Task brief - Both the line containing "نام دستگاه خریدار:شرکت" and the line containing "这两套阵容可以根据玩家手中所" belong to the span. Output exactly that span from the listing below, and nothing outside it.

Provided data -
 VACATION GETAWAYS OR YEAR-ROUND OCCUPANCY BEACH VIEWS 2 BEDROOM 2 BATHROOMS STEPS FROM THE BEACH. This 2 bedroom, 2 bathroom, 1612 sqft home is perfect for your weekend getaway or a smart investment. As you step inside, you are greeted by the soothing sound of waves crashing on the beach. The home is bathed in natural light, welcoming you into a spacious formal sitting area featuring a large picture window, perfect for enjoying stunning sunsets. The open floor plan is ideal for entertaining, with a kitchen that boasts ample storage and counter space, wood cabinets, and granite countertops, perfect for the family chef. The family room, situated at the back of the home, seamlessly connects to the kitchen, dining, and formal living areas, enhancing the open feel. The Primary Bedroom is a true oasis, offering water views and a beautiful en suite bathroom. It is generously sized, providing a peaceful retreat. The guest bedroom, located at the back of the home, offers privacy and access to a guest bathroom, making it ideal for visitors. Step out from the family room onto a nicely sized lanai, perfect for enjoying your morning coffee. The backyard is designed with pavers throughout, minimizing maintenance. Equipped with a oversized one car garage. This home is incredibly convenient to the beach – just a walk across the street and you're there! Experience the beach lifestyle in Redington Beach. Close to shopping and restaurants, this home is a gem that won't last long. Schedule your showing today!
---
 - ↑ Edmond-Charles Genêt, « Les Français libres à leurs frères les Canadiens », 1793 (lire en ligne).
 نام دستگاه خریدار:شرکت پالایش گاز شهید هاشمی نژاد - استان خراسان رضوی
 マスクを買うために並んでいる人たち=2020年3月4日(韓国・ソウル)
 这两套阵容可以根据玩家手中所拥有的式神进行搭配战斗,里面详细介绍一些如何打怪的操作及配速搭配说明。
* * *
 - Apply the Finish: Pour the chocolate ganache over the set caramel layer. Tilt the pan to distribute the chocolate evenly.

Answer section -
 نام دستگاه خریدار:شرکت پالایش گاز شهید هاشمی نژاد - استان خراسان رضوی
 マスクを買うために並んでいる人たち=2020年3月4日(韓国・ソウル)
 这两套阵容可以根据玩家手中所拥有的式神进行搭配战斗,里面详细介绍一些如何打怪的操作及配速搭配说明。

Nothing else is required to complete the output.